• _What the task asks_
Omit pictures and quote the listing below line by line, from its start through the line that holds "e.g you can".
Start of Raw data
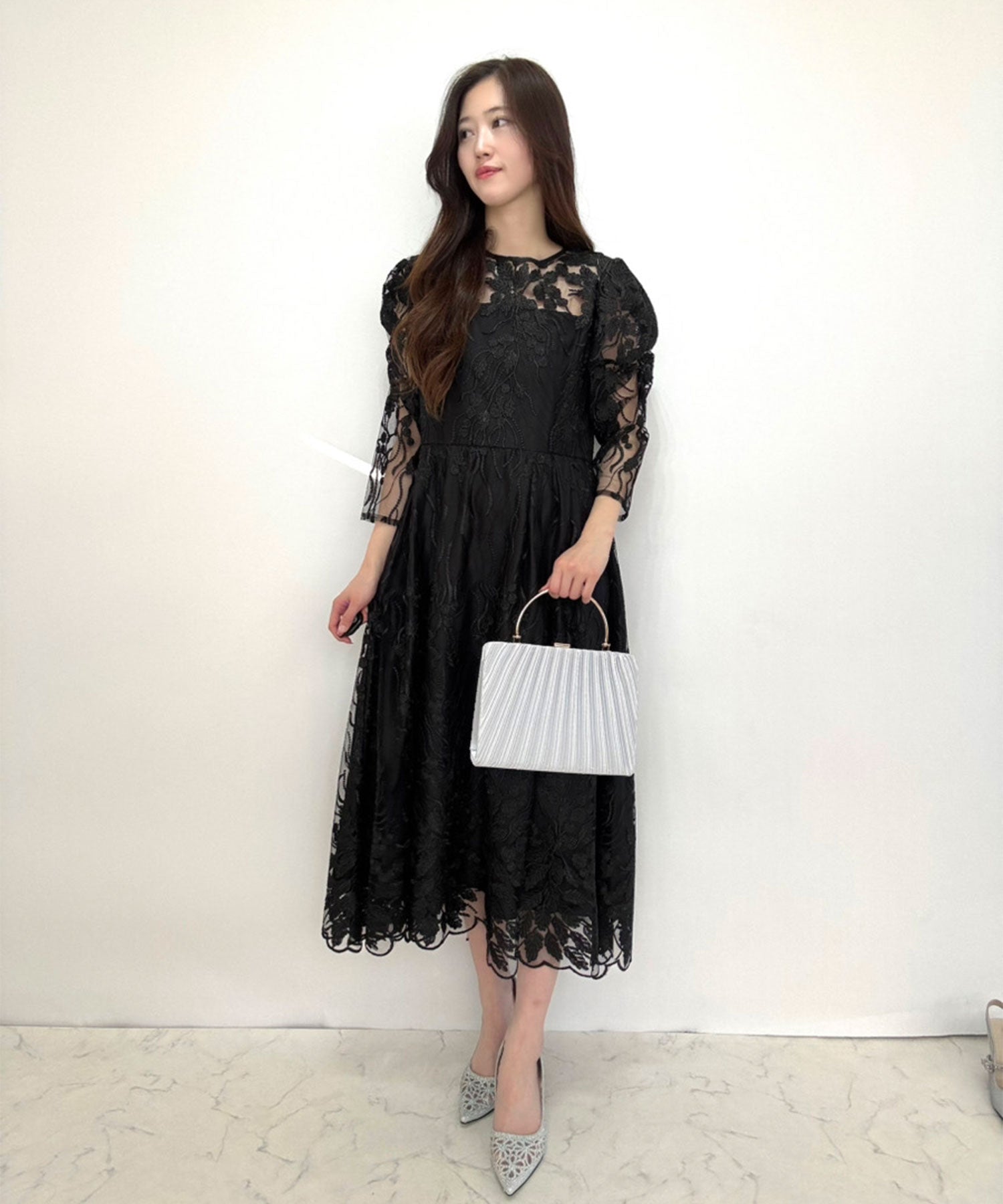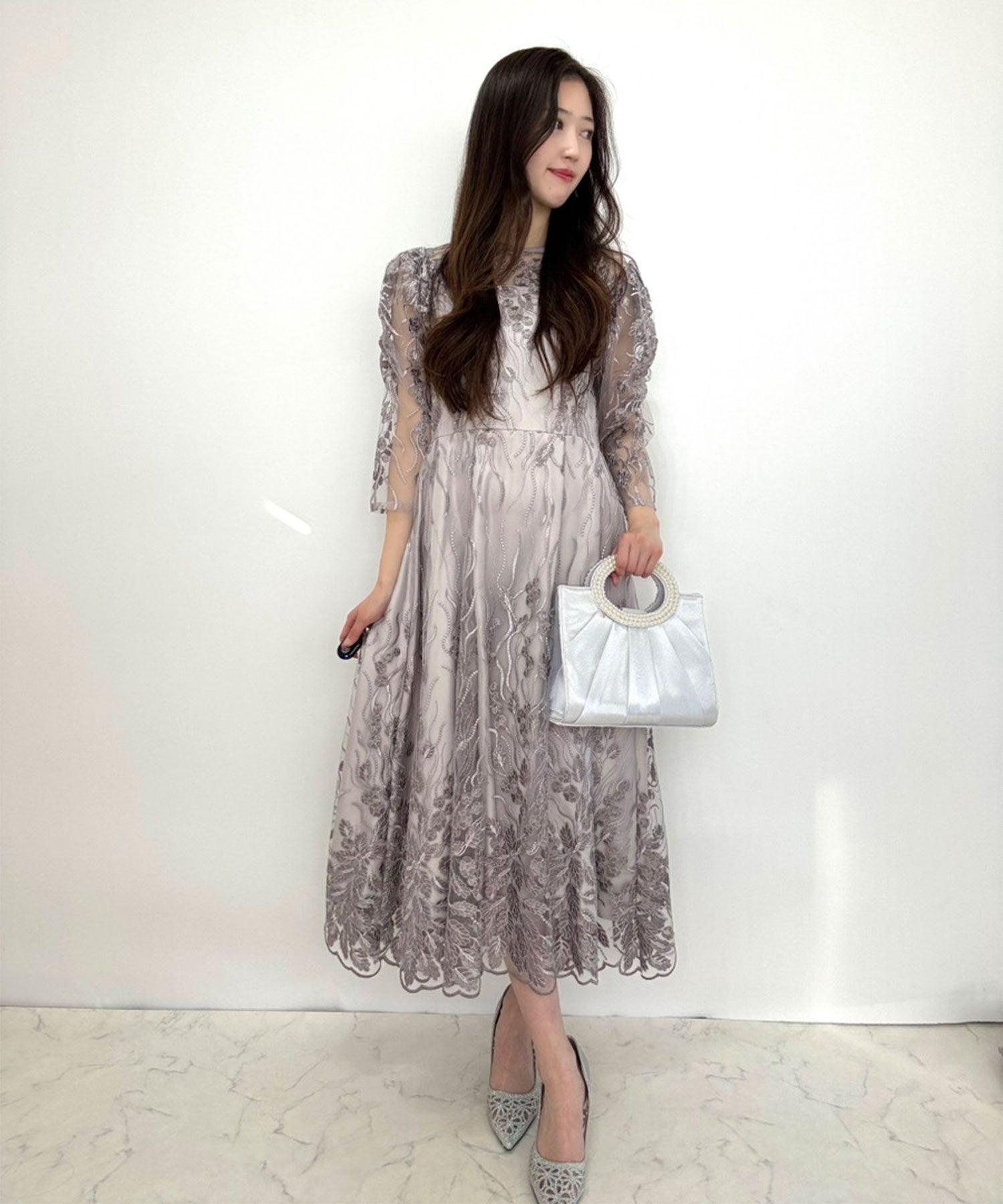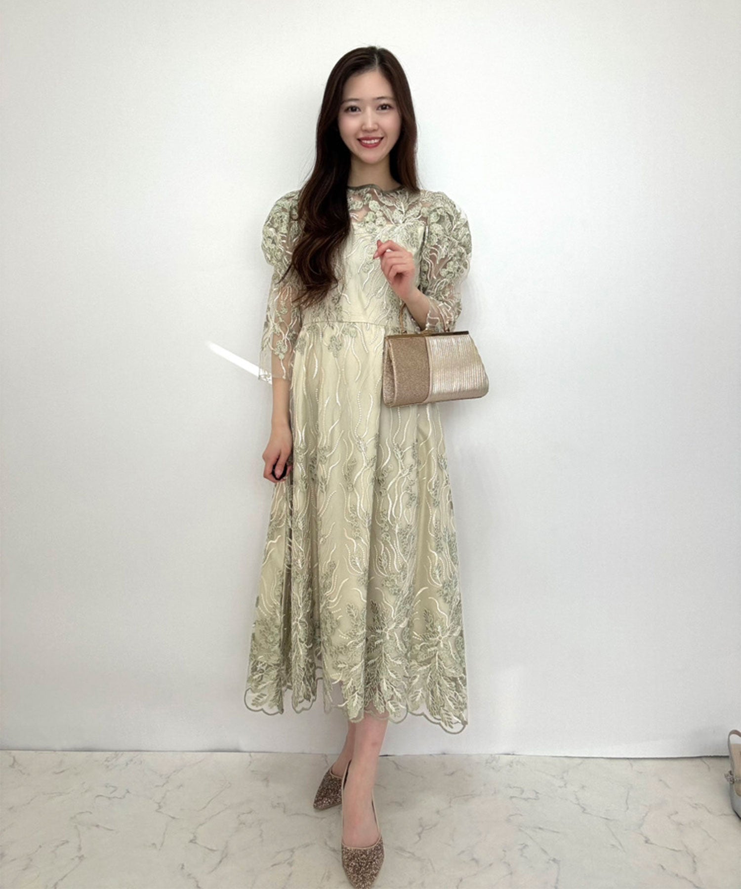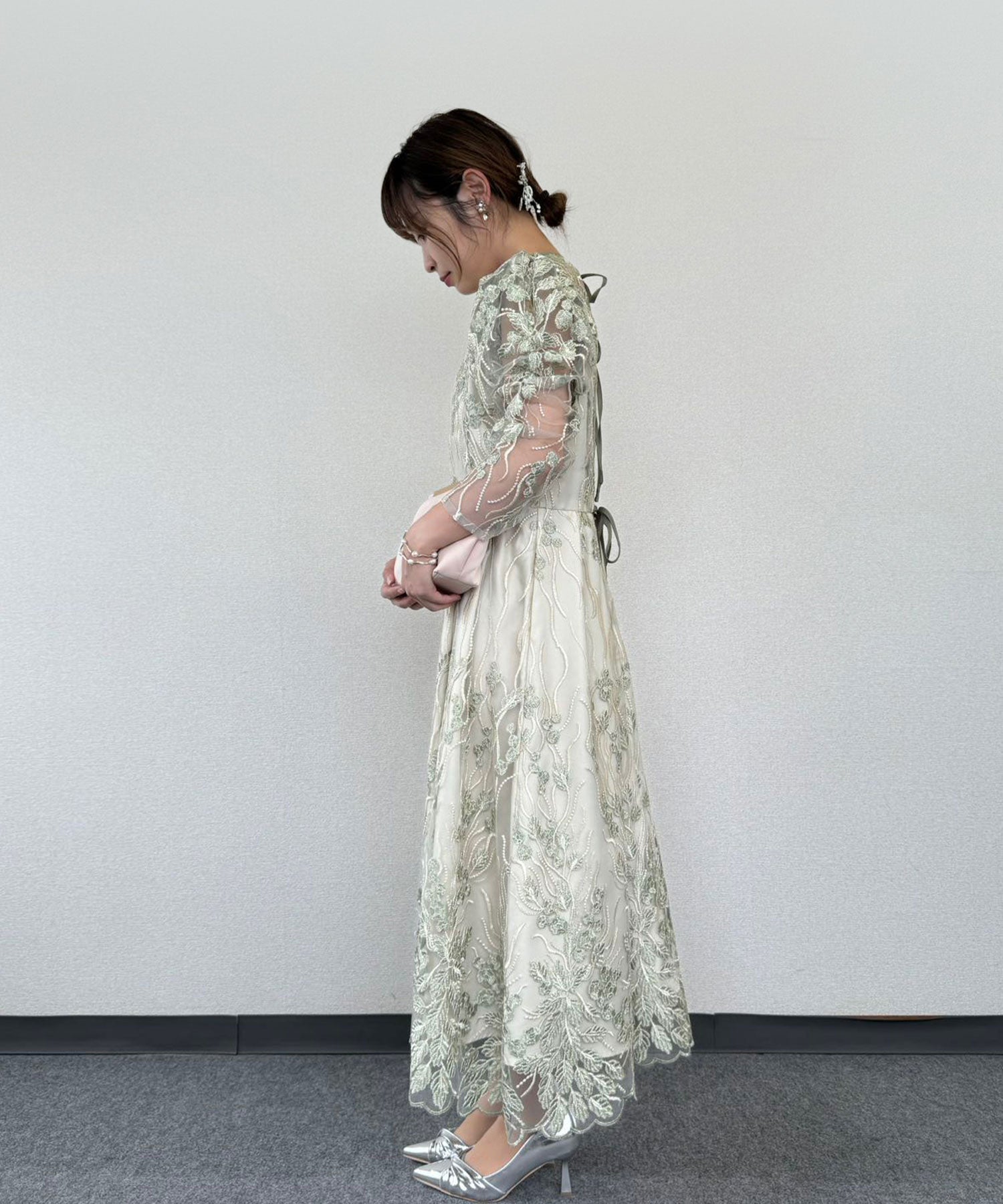 リーフ柄がメインのボタニカルデザイン刺繍が特徴的なドレス。
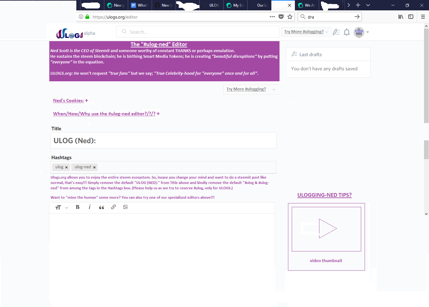 e.g you can learn about Ned for the sake of #ulogging under #ulog-ned etc You will also be able to do likewise for projects, communities etc
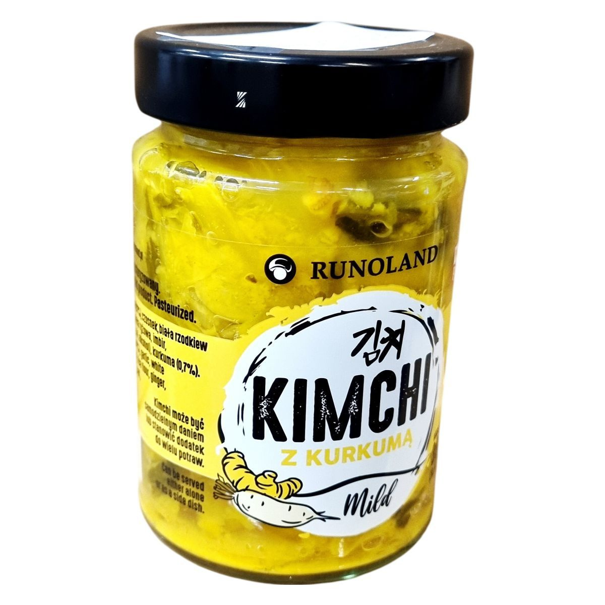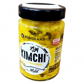 A RUNOLAND vegán kurkumás kimchi egy pasztőrözött, természetesen fermentált termék, amelyet Lengyelországban gyártanak. Fő összetevői között szerepel a kínai kelkáposzta, fokhagyma, fehér retek, valamint speciális adalékok, mint a rizsliszt, gyömbér és miso paszta, mely szójatartalmú. A kimchi enyhén fűszerezett kurkuma hozzáadásával készült, amely jellegzetes, kellemes aromát kölcsönöz neki. Felhasználható önálló fogásként vagy számos étel kiegészítőjeként, megőrizve jellegzetes savanykás ízét. A csomagolás 300 grammos, és ajánlott hideg, száraz helyen tárolni, illetve felbontás után gyors fogyasztása szükséges a minőség megőrzése érdekében.
End of Raw data
• _The answer_
 リーフ柄がメインのボタニカルデザイン刺繍が特徴的なドレス。
 e.g you can learn about Ned for the sake of #ulogging under #ulog-ned etc You will also be able to do likewise for projects, communities etc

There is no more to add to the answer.